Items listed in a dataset
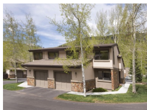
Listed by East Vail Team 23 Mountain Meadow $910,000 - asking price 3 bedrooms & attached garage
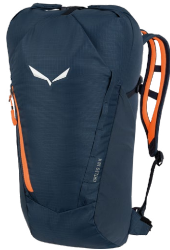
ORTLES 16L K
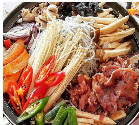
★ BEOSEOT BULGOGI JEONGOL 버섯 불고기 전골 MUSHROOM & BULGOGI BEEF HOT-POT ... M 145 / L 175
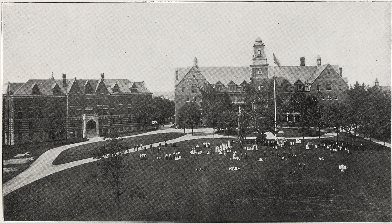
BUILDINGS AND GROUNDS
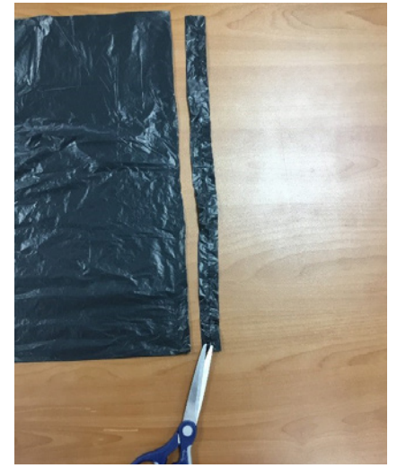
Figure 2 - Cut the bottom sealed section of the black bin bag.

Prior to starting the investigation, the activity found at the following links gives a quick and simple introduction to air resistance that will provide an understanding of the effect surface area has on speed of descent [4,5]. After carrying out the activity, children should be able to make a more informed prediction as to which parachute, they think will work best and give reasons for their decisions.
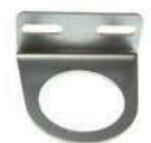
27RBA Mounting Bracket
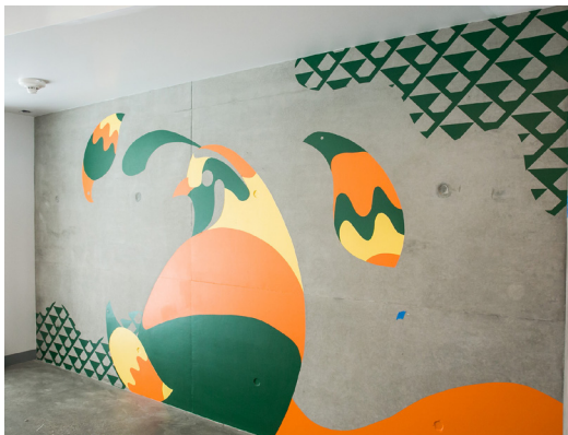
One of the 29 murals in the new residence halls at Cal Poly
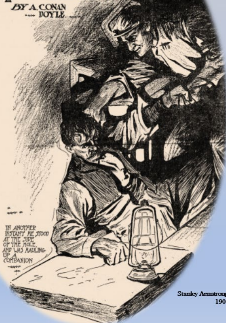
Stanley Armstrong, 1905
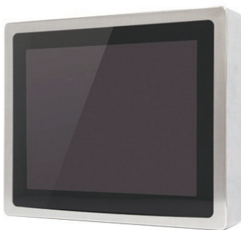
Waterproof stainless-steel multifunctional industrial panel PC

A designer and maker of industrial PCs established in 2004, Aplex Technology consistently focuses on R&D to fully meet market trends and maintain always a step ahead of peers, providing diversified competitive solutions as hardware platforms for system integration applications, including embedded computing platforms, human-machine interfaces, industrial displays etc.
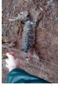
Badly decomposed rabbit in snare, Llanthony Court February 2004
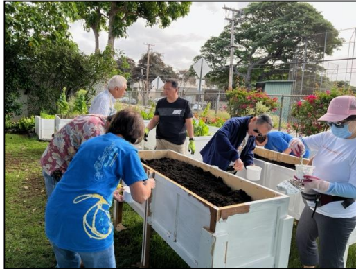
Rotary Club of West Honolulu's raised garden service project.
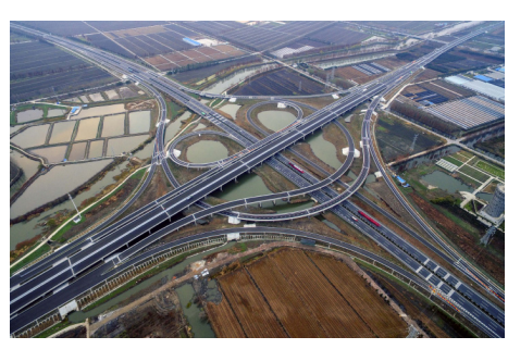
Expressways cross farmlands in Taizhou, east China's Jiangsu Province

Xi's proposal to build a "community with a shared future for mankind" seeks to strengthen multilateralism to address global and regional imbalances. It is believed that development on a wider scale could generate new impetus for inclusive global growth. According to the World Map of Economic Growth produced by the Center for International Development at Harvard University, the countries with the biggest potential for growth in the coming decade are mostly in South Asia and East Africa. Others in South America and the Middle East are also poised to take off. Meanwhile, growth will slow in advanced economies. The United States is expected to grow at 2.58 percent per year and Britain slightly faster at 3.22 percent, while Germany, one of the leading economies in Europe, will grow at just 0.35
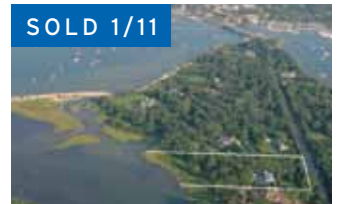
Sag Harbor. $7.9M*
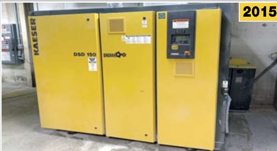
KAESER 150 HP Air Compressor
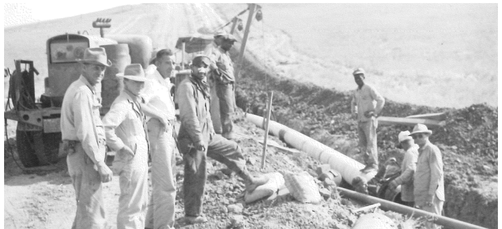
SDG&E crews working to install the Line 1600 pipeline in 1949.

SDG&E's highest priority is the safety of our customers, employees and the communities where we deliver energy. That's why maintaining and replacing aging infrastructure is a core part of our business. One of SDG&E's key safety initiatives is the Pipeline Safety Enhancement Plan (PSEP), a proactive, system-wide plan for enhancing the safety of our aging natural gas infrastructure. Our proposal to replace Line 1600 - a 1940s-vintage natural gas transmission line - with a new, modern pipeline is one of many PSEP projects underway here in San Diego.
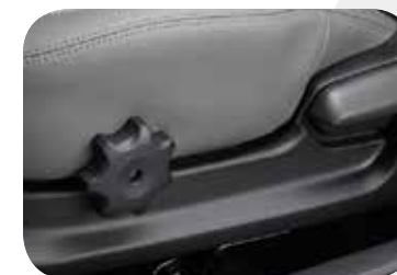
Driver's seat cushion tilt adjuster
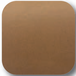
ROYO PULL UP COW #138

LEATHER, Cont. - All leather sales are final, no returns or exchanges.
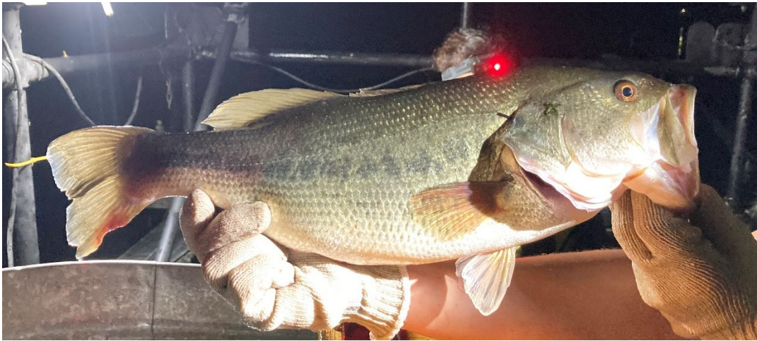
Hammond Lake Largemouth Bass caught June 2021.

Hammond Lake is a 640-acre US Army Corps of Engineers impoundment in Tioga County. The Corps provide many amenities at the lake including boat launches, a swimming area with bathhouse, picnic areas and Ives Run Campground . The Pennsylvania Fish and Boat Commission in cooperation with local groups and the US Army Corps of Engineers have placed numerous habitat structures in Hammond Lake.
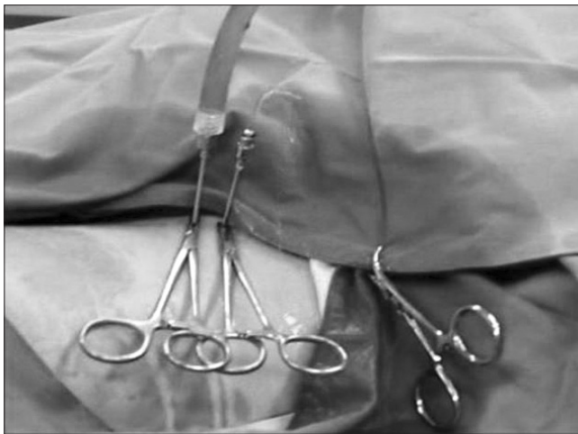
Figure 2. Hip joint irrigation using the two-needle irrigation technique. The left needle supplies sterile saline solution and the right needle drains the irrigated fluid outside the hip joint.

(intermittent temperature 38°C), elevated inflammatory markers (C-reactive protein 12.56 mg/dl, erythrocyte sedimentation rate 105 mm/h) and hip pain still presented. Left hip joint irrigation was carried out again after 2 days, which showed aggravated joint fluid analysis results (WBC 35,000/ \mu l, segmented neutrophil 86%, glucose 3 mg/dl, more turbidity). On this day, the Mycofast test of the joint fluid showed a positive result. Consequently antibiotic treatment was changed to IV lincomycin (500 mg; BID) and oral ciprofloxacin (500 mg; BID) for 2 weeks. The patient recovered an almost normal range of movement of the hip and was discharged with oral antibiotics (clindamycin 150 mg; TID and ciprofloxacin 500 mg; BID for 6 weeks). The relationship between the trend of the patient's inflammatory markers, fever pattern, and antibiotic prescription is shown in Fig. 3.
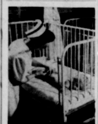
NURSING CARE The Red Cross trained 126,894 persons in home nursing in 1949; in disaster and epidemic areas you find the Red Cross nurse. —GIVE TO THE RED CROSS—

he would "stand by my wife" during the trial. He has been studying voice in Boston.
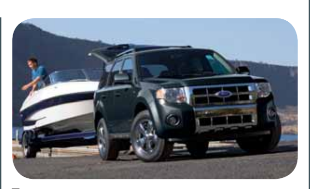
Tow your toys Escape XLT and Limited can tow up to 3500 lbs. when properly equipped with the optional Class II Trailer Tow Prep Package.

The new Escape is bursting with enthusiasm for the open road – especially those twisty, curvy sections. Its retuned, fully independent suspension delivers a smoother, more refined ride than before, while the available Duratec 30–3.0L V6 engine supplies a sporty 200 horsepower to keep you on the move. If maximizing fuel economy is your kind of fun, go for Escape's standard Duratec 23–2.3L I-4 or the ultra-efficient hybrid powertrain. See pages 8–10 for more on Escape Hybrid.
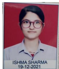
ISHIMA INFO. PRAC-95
---
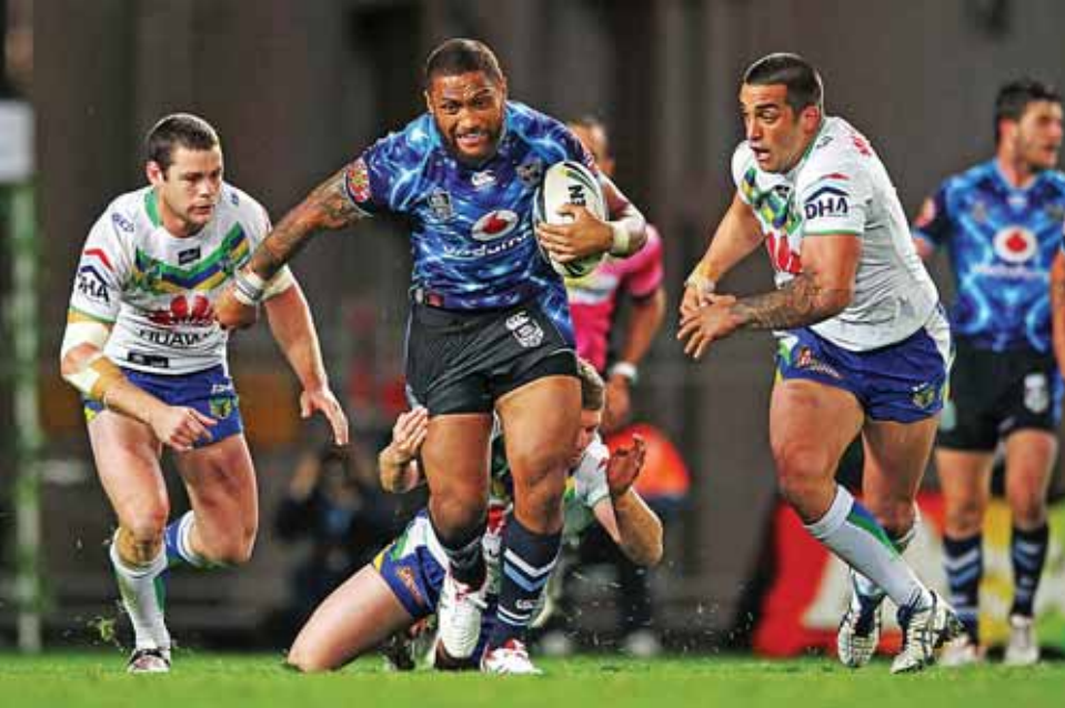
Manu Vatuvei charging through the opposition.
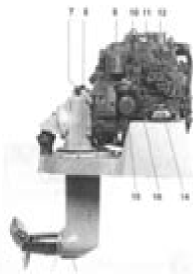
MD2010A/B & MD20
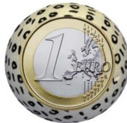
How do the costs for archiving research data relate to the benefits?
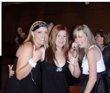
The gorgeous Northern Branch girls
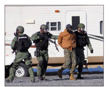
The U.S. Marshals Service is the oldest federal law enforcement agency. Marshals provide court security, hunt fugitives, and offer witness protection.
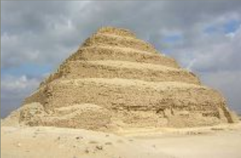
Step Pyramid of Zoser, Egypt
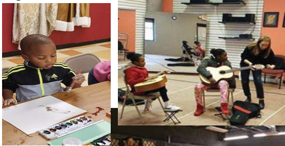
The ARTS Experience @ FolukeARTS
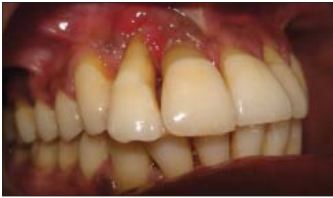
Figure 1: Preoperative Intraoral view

TASK ITEM
Above, find the line with "Stanley Armstrong, 1905"; copy it and every line down to the line with "Waterproof stainless-steel multifunctional", exactly and both included, but no pictures.

FINISHED TASK
Stanley Armstrong, 1905
Waterproof stainless-steel multifunctional industrial panel PC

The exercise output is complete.